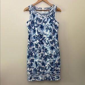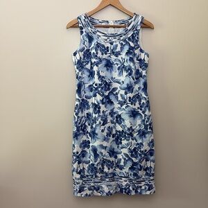 Charter Club 100% Linen Dress Sleeveless Blue Floral Costal Cottage Size 6
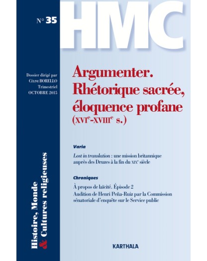 HISTOIRE, MONDE ET CULTURES RELIGIEUSES, N-35, ARGUMENTER, RHETORIQUE SACREE, ELOQUENCE PROFANE (XVI
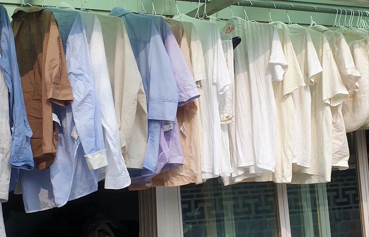 ( 거리에서 본 세탁소빨래가 햇볕을 쬐고 있다.)
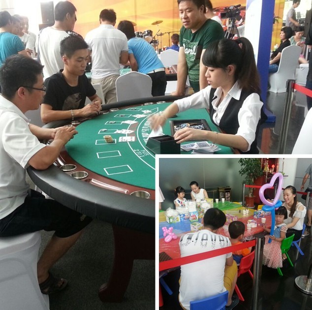最后重头戏是娱乐项目百家乐筹码游戏,由现场工作人员分发给参与客户一定筹码,工作人员做庄,客户与客户之间互相展示牌技,最后赢得的筹码可以用来换取相应的礼品,中鑫之宝拉斯维加斯现场可说是热情高涨,无限火爆。此外,在活动现场还独立设置了儿童娱乐区,儿童娱乐区内一片欢声笑语,DIY陶瓷制作工艺不仅让家长觉得欢喜,也让所有小朋友尽兴的玩耍。整个庆典活动现场气氛和谐,欢乐不断。客户和中鑫汽车人在这里,在此刻,成为了一家人。
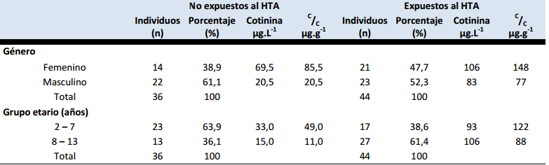 Un grupo de 80 niños fue clasificado como “expuestos o no al HTA” según el reporte de sus padres, en la distribución de la muestra (tabla 1) se observa predominio del género masculino y del grupo etario con edad ≤ 7 años, los valores de cotinina y el índice C /C resultaron mayores en este grupo etario y en el género femenino.
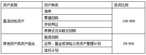 本理财计划资金由河北银行投资于以下符合监管要求的各项资产:一是高流动性金融工具,包括但不限于存放同业、银行间市场质押式回购、票据回购、较高信用等级债券;二是其他资产或资产组合,包括但不限于租赁回购、证券、基金或保险公司资产管理计划、信托计划等。本产品投资的资产种类和比例如下,可在[-10%,+10%]的区间内浮动:
====================
PROMPT: What you print must match the entries exactly, except that no pictures appear.

SOLVED EXERCISE:
 Charter Club 100% Linen Dress Sleeveless Blue Floral Costal Cottage Size 6
 HISTOIRE, MONDE ET CULTURES RELIGIEUSES, N-35, ARGUMENTER, RHETORIQUE SACREE, ELOQUENCE PROFANE (XVI
 ( 거리에서 본 세탁소빨래가 햇볕을 쬐고 있다.)
最后重头戏是娱乐项目百家乐筹码游戏,由现场工作人员分发给参与客户一定筹码,工作人员做庄,客户与客户之间互相展示牌技,最后赢得的筹码可以用来换取相应的礼品,中鑫之宝拉斯维加斯现场可说是热情高涨,无限火爆。此外,在活动现场还独立设置了儿童娱乐区,儿童娱乐区内一片欢声笑语,DIY陶瓷制作工艺不仅让家长觉得欢喜,也让所有小朋友尽兴的玩耍。整个庆典活动现场气氛和谐,欢乐不断。客户和中鑫汽车人在这里,在此刻,成为了一家人。
 Un grupo de 80 niños fue clasificado como “expuestos o no al HTA” según el reporte de sus padres, en la distribución de la muestra (tabla 1) se observa predominio del género masculino y del grupo etario con edad ≤ 7 años, los valores de cotinina y el índice C /C resultaron mayores en este grupo etario y en el género femenino.
 本理财计划资金由河北银行投资于以下符合监管要求的各项资产:一是高流动性金融工具,包括但不限于存放同业、银行间市场质押式回购、票据回购、较高信用等级债券;二是其他资产或资产组合,包括但不限于租赁回购、证券、基金或保险公司资产管理计划、信托计划等。本产品投资的资产种类和比例如下,可在[-10%,+10%]的区间内浮动:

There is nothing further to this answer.